***** SOURCE MATERIAL
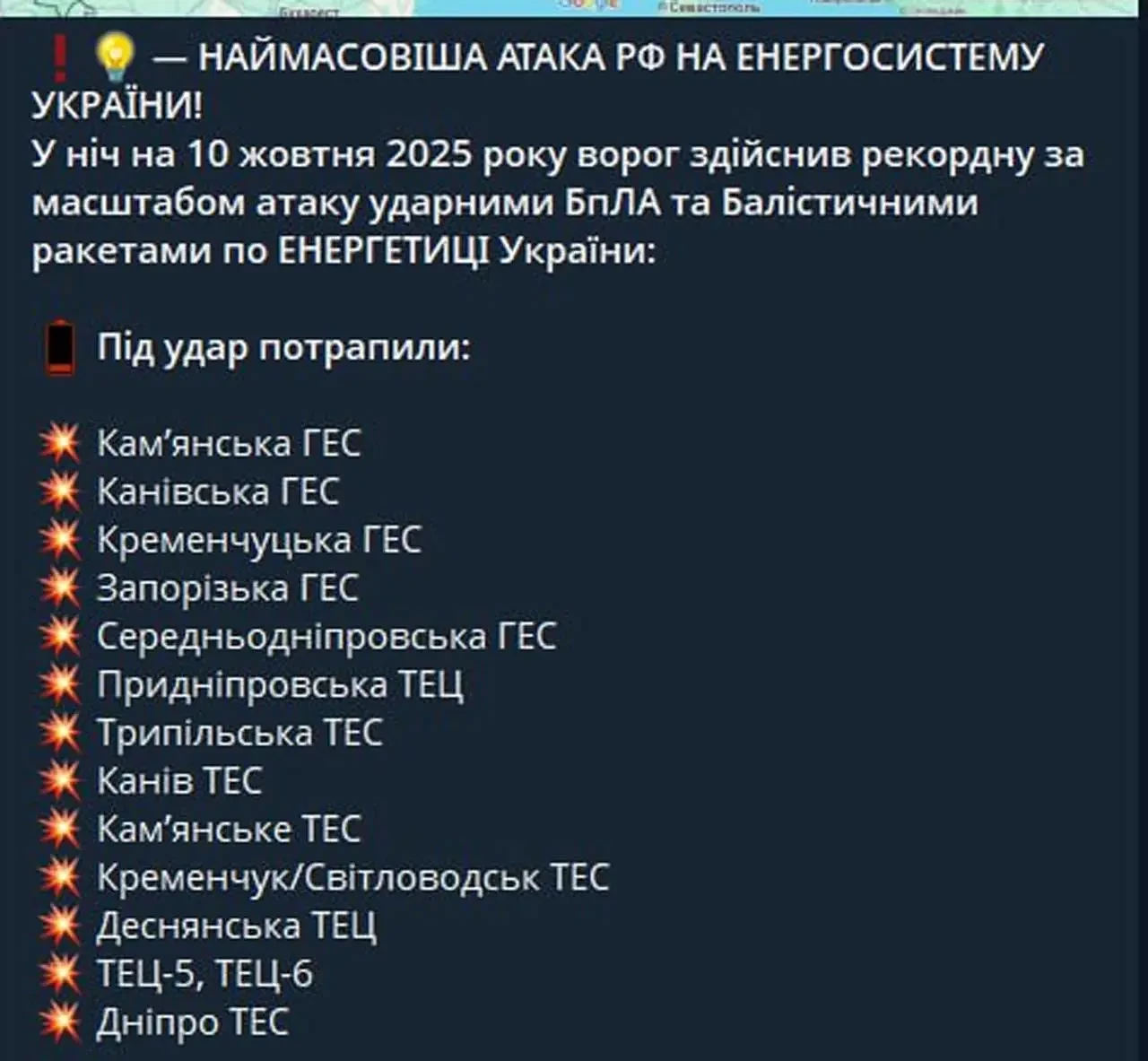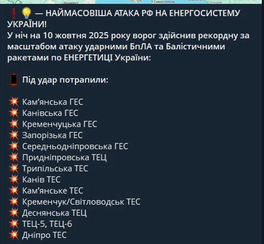 Полный список, как утверждается украинской стороной, электростанций, попавших под удары минувшей ночью:
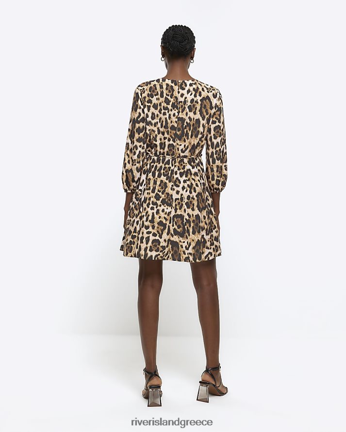 River Island ενδύματα καφέ γυναίκες Μίνι φόρεμα με animal print δέσιμο στη μέση B6N8X1096
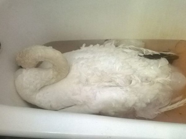 Люди, які його підібрали, повідомляють, що також на білих красенів чатують собаки, а лебідь, який обмерз потребує допомоги ветеринара.
**********
▸ REQUIRED ACTION:
Would you write out the material above in full, exactly as given, except for its pictures?

▸ OUTPUT:
 Полный список, как утверждается украинской стороной, электростанций, попавших под удары минувшей ночью:
 River Island ενδύματα καφέ γυναίκες Μίνι φόρεμα με animal print δέσιμο στη μέση B6N8X1096
 Люди, які його підібрали, повідомляють, що також на білих красенів чатують собаки, а лебідь, який обмерз потребує допомоги ветеринара.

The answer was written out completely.